I'm extremely confused. We generally know that for a linear transformation represented by a matrix $T$:
$$P_{C}^{B}T_{B}^{B}P_{B}^{C}=T_{C}^{C}$$ And generally one can multiply a matrix $A$ for example by $P^{-1}$ and $P$ where they matrix $P$ has the eigenvectors as columns and we get a diagonalized matrix $D$ - $$D = P^{-1}AP$$
My question is, are the two formulas related? We know that $$ P_{C}^{B}=\begin{pmatrix}| & | & |\\ \left[b_{1}\right]_{C} & \left[b_{2}\right]_{C} & \left[b_{3}\right]_{C}\\ | & | & | \end{pmatrix}$$
But can I write the $P$_s in $$D = P^{-1}AP$$ in the same way? What will their lower or upper indices be? It is obvious that $A^{E}_{E}=I$ for instance, so that really confuses me. What does it mean to change the basis of a matrix, what index are we talking about?
A diagonalizing change of basis is just a specific kind of change of basis. We usually talk about a square matrix as taking inputs in a basis $B$ and giving outputs in the same basis $B$. A change of basis transformation would switch between bases $B$ and $E$, or the reverse, and be written either $P_B^E$ or $P_E^B$.
Suppose you have a basis $b_1 = (1,1)$ and $b_2 = (1,-1)$. Then the matrix $$P = \begin{bmatrix}1&1\\1&-1\end{bmatrix}$$ will convert the standard basis to the $B$ basis, and its inverse$$P^{-1} = \begin{bmatrix}1/2&1/2\\1/2&-1/2\end{bmatrix}$$ will convert from the $B$ basis back to the standard $E$ basis. Now suppose you have an operator that doubles $b_1$ and triples $b_2$. Its diagonal form is $$D = T_B^B = \begin{bmatrix}2&0\\0&3\end{bmatrix}$$ and its form in the $E$ basis is $$A = T_E^E = PDP^{-1} = \begin{bmatrix}5/2&-1/2\\-1/2&5/2\end{bmatrix}$$ If we had started with matrix $A$ and wanted to diagonalize it, you would need to find out that $(1,1)$ is an eigenvector of $A$ with eigenvalue $2$, and $(1,-1)$ is an eigenvector of $A$ with eigenvalue $3$, construct $P$ and go the other way.
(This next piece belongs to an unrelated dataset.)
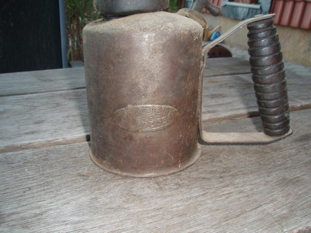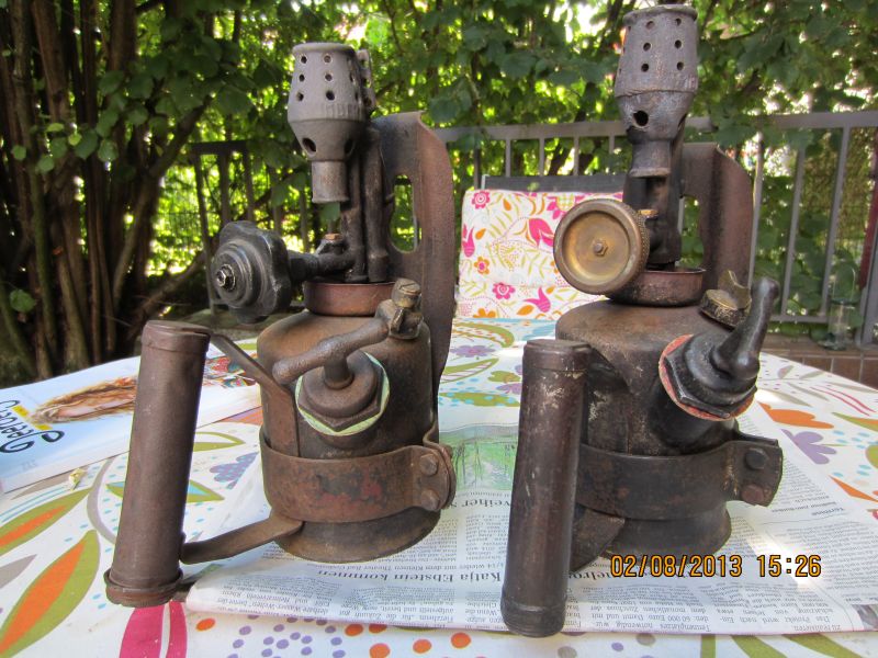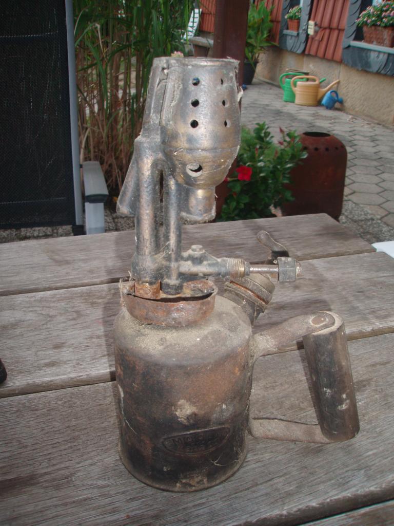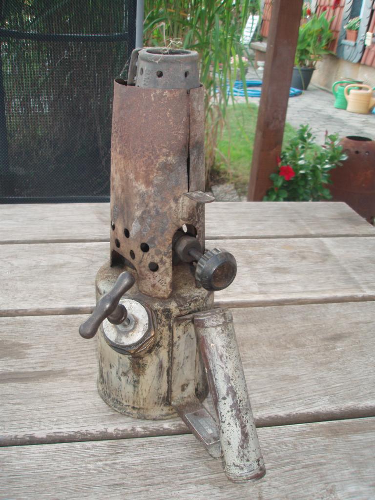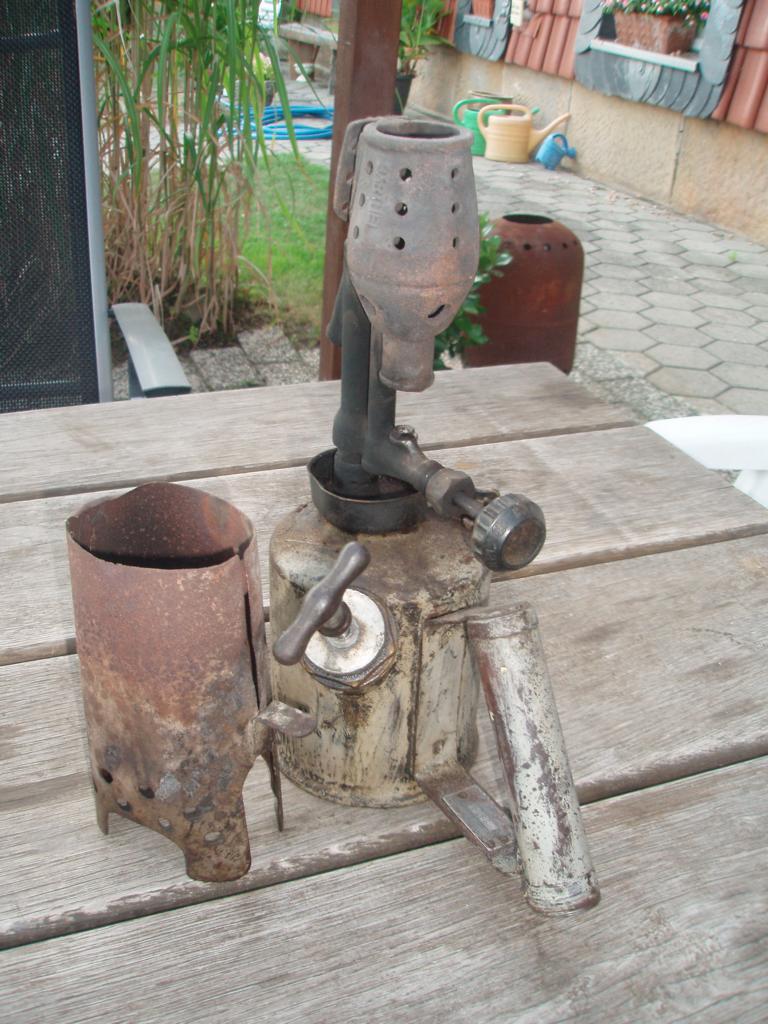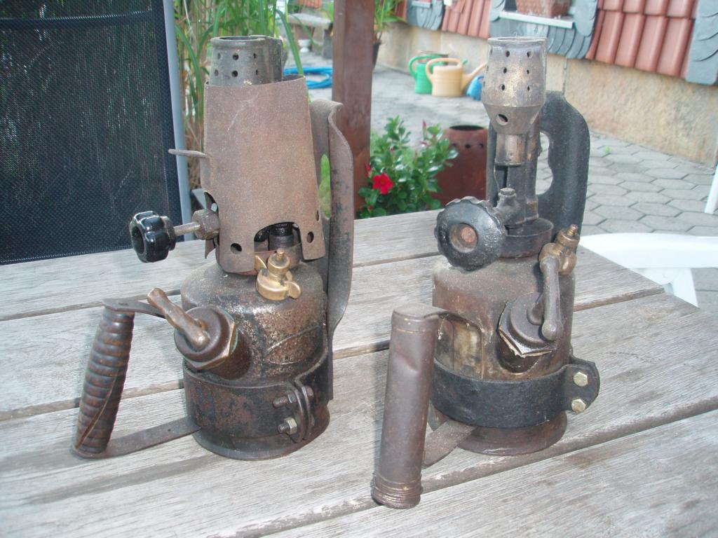 links eine komplett Barthel, rechts Brennerkopf Imbert, Behälter Barthel

If you want a visual aid to understanding, you can imagine a couple of independent vectors $v_1$ and $v_2$ as arrows, and $Tv_1$ and $Tv_2$ as another pair of vectors. That is a "coordinate free" description of what $T$ does. In order to put numbers on it (besides maybe eigenvalues if you measure lengths and happened to have eigenvectors drawn) you need to add a coordinate system: a grid. You can use a standard grid, or a grid with one axis slanted, or a grid with both axes slanted so the grid is made of parallelograms. The numbers you get simply determine the values you get in $T_E^E$ or $T_B^B$ or $T_Q^Q$ or whatever basis you want.
The two most interesting bases are usually the standard one and the one made of eigenvectors (if it exists) or "as many eigenvectors as possible" plus extra if it doesn't.
Ultimately, the numbers in a vector, the components, are simply a description for a given basis of how many of the first basis vector and how many of the second basis vector and so forth are needed to make the given vector. And the entries of a matrix for $T$ in any given basis can be found using the components of the inputs and outputs.
I'm not sure exactly where your confusion lies, but I hope that helps.